The problem with ZIM is that the lows weren’t reached until the beginning of the second quarter. Whatever the container shipping company reports in the first quarter, the numbers are only going to get worse in the second quarter and possibly in the third quarter.
Apparently, not many analysts are forecasting the quarterly numbers on ZIM, but the consensus from 2 analysts is a much bigger loss in the second quarter. In total, those quarterly losses are just $1.60 for 2023 while the average of 6 analysts have annual forecasts predicting a much larger loss of $2.54 per share.
Source: Finding Alpha
The implication is that the quarterly numbers above are likely to be much worse. The average analyst actually expects an additional loss of approximately $0.25 per quarter through 2023.
Remember, ZIM still plans to acquire new premises over the next two years up to 41 ships with 58 renewal charters over 2023 and 2024. It will hit the market whether ZIM markets it or anyone else.
On our Q4 ’22 earnings call, CEO Eli Glickman was clear that vessels chartered from tonnage providers were at rates that would only be held with renewals at lower rates:
Now, when we look at the ships that will be refurbished, in ’23 and ’24, that’s obviously 50 ships, most of which is very likely, depending on what the market does, but if market conditions remain difficult, most of those ships will be delivered. We do not intend to break any of our obligations, to any of the payload providers, we will make a decision to redeliver the payload when we have the capacity to do so, or engage early on with some payload providers to discuss a possible extension. , if we think and at a lower rateobviously, if we think this indicates overuse for us any longer.
Just last month, ZIM announced the commissioning of two new LNG-powered vessels in a market where demand is low. The container shipping company has commissioned these vessels under a long-term charter agreement with Seaspan at prices that are unlikely to be favorable to ZIM at this point given that deals were signed back in February 2021.
Lots of bulls
The amazing part of ZIM’s story is how optimistic shareholders are in search of Alpha. Since Stone Fox Capital wrote the bearish article in early April, the last 6 articles from 5 different contributors have been optimistic.
Source: Finding Alpha
As noted above, ZIM is set to report the Q1 loss the start of a long streak of big losses in the coming years. Most investors buy this stock for the dividend and it seems unlikely that the company will pay a dividend with an operating loss.

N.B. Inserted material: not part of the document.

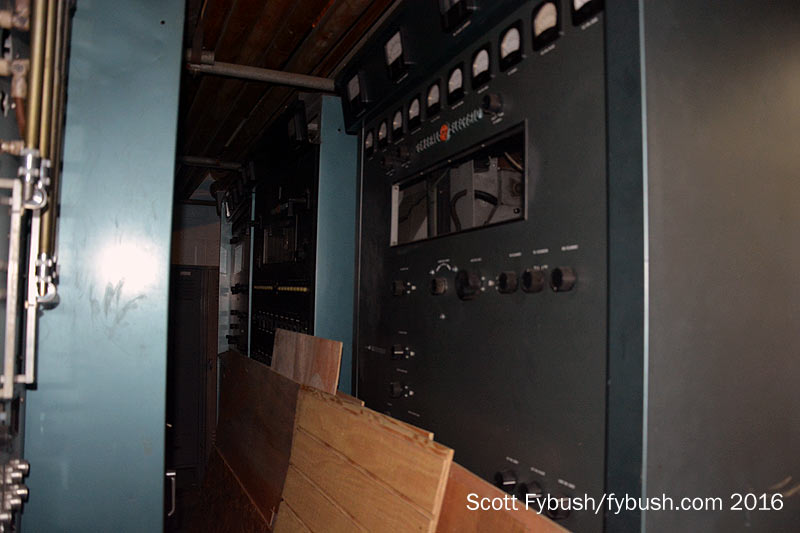 Our first stops for the day were all up on Smith Hill, the Utica TV/FM tower farm that we’ve profiled here several times in the past. This time, we started our tours at the top of the hill at the studio/transmitter building for Nexstar’s WUTR (Channel 20) and WFXV (Channel 33), where there had been plenty of changes in recent years. There’s a restarted news operation with a new set in the old WUTR studio and a new newsroom and control room in part of what had been the old analog WUTR transmitter room. (The digital transmitters for WUTR and WFXV are down the hall now in a newer transmitter space back by the tower.)

ZIM was guided by 2023 adjusted EBIT between the $100 and $500 million range, giving investors hope. As discussed before, the company was very optimistic about higher freight rates in the second half of the year and that remains unlikely.

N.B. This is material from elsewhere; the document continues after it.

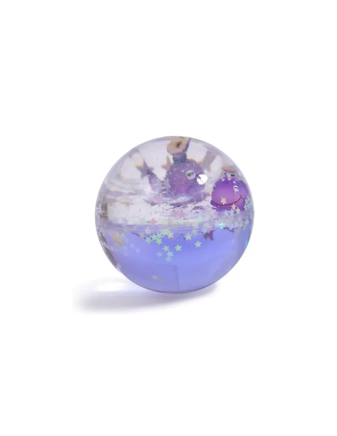 Balle rebondissante remplie de liquide coloré, où l’on voit une baleine se baigner au milieu d’étoiles brillantes!

Today only , foot locker (FL) High inventory level highlighted lowering financial targets. The shoe retailer will certainly reduce the demand for additional shipments of the likes Nike (NKE) next year. Foot Locker with sales and inventory down 25% doesn’t provide an ideal time to forecast a rebound in container freight rates.
away
The investor’s main takeaway is that a lot of investors still look bullish on ZIM even though the company doesn’t expect to report a profit for several years. The core investor base expects a dividend, and the container shipping company’s shift to losses could unleash the remaining bulls who expect additional dividends.